Yo no soy uno de esos tipos Que cuando tienen dinero, .. lo gastan todo en el juego y pierden hasta la camiseta.
Ben kötü biri değilim, ona daha fazla sevgi verdim..
Jamás me pongo desagradable, sino más bien afectuoso, hasta grotesco.
Onun kanından tek bir kişinin bile kalmadığını görene kadar Chichén Itzá'nın kralı değilim demektir.
Hasta no saber que no queda ni una gota de sangre viva, no seré Rey de Chichén ltzá.
Hayır, ekselansın değilim. Yarın başpiskopos olana dek ekselansın değilim.
No, no es "Ilustrísima", no seré consagrado Arzobispo hasta mañana.
Tepeden aşağı inebilirim Maxine, ama geriye çıkma konusunda çok emin değilim.
Podría bajar hasta ahí, pero no sé si podré volver a subir.
Ne yazık ki müsahit değilim. Yani bu akşam saat 6'dan önce.
Que no estoy libre... hasta la seis de la tarde.
Evet, tedavisini yapan ben olmadığım için pek emin değilim fakat kafanda ne varsa ona zarar vereceğini sanmıyorum.
Sí, no estaré seguro hasta que le examine a él, claro, pero no creo que lo que está pensando le pueda perjudicar.
Bunu anlamaya ne kadar yakınsam, o kadar da zeki değilim.
Hasta donde puedo darme cuenta, tampoco soy muy listo.
Beni övdün mü yoksa yerdin mi hâlâ anlamış değilim.
Hasta ahora no puedo comprender, ustedes me alababan o me reñían.
Bu yüzden çok az olsa da kendimi sorumlu hissetmiyor değilim.
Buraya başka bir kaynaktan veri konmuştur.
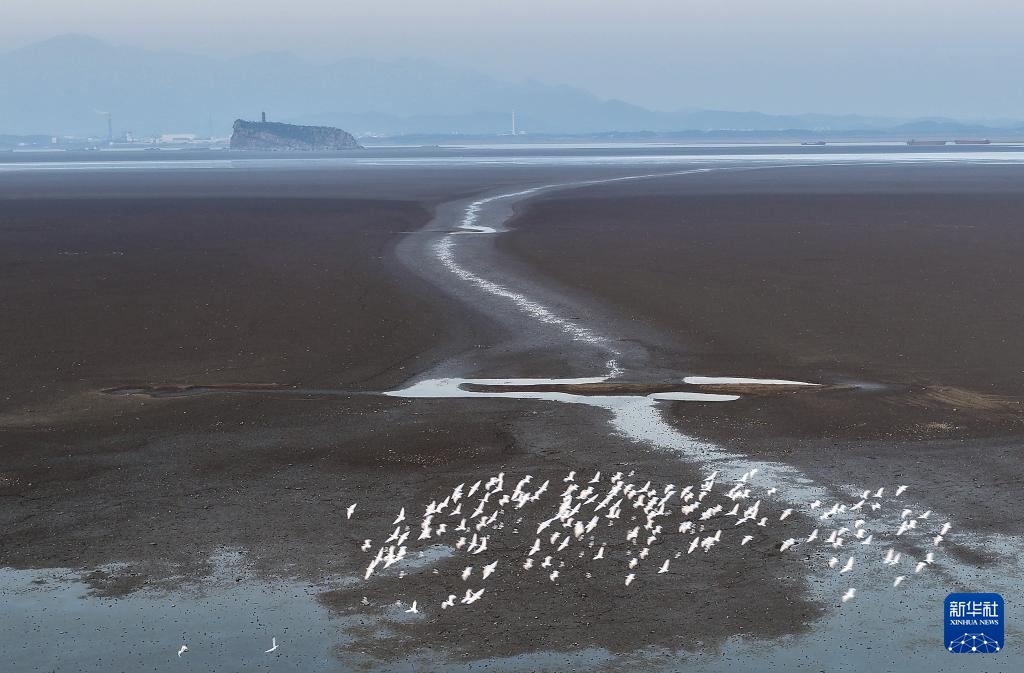 冬日暖阳洒满鄱阳湖,江西省湖口县鄱阳湖鞋山水域一派生机盎然。连日来,东方白鹳、白琵鹭等珍稀越冬候鸟,或翩跹栖息于滩涂,或低头在浅水中觅食,绘就成一幅和谐共生的生态画卷。

Y hasta ahí, sólo hasta ahí.... me siento responsable.
Ben hasta değilim!
¡ No estoy enfermo!
O programda değilim. Bu 5. program, benim sıram 8. programda.
Éste es el episodio 5, yo no salgo hasta el 8.
'Dul Wardh'dediği halde kızgın değilim.
Hasta Carroll me dice "La Viuda de Wardh".